Maybe I just don\'t see it at the moment, but why does this JSON string fail to parse? It should be valid.
var content = $.parseJSON(\'{\"foobar\" : \"hallo\\\"t
Because you're creating that JSON in a string literal, you need to escape the \
itself:
var content = $.parseJSON('{"foobar" : "hallo\\"tow"}');
console.log(content);
Explanation:
In JSON, "
characters are escaped using \
characters. That makes the following perfectly valid JSON:
{"foobar" : "hallo\"tow"}
Now, in your example, you were constructing this JSON value within a JavaScript string:
'{"foobar" : "hallo\"tow"}'
This introduces a subtle issue, due to the fact that JavaScript strings also escape "
characters with \
characters. That is, the following string literal:
'\"'
... holds the value:
"
Now, applying that to your example again, we find that this string literal:
'{"foobar" : "hallo\"tow"}'
... actually holds the value:
{"foobar" : "hallo"tow"}
As you can see, we've lost our \
. Fortunately, this is easy to work around, as \
characters can also be escaped with \
characters in JavaScript strings, which is what my solution does. So now, the revised string literal:
'{"foobar" : "hallo\\"tow"}'
gets parsed as a string holding the intended value:
{"foobar" : "hallo\"tow"}
... which can then be parsed as properly formatted JSON.

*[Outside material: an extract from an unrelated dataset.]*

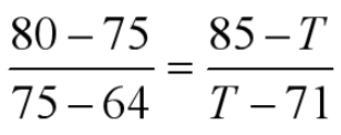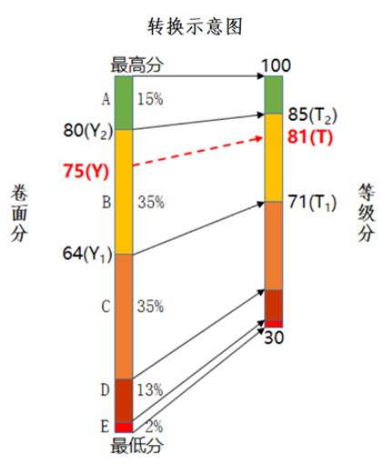 例如,假设某同学化学学科卷面分为75分,按照卷面分排序,等级比例应划分到B等级,而该学科B等级的卷面分分布区间为80~64,等级分区间为85~71,按照转换公式:

The reason you don't have this issue when reading from a textarea
or as the result of an ajax request is that the JSON value isn't being defined by a string literal. The extra \
is only required due to string literal syntax, and the competition going on for who's going to escape the "
quote first (well, not really a competition... the string literal always wins).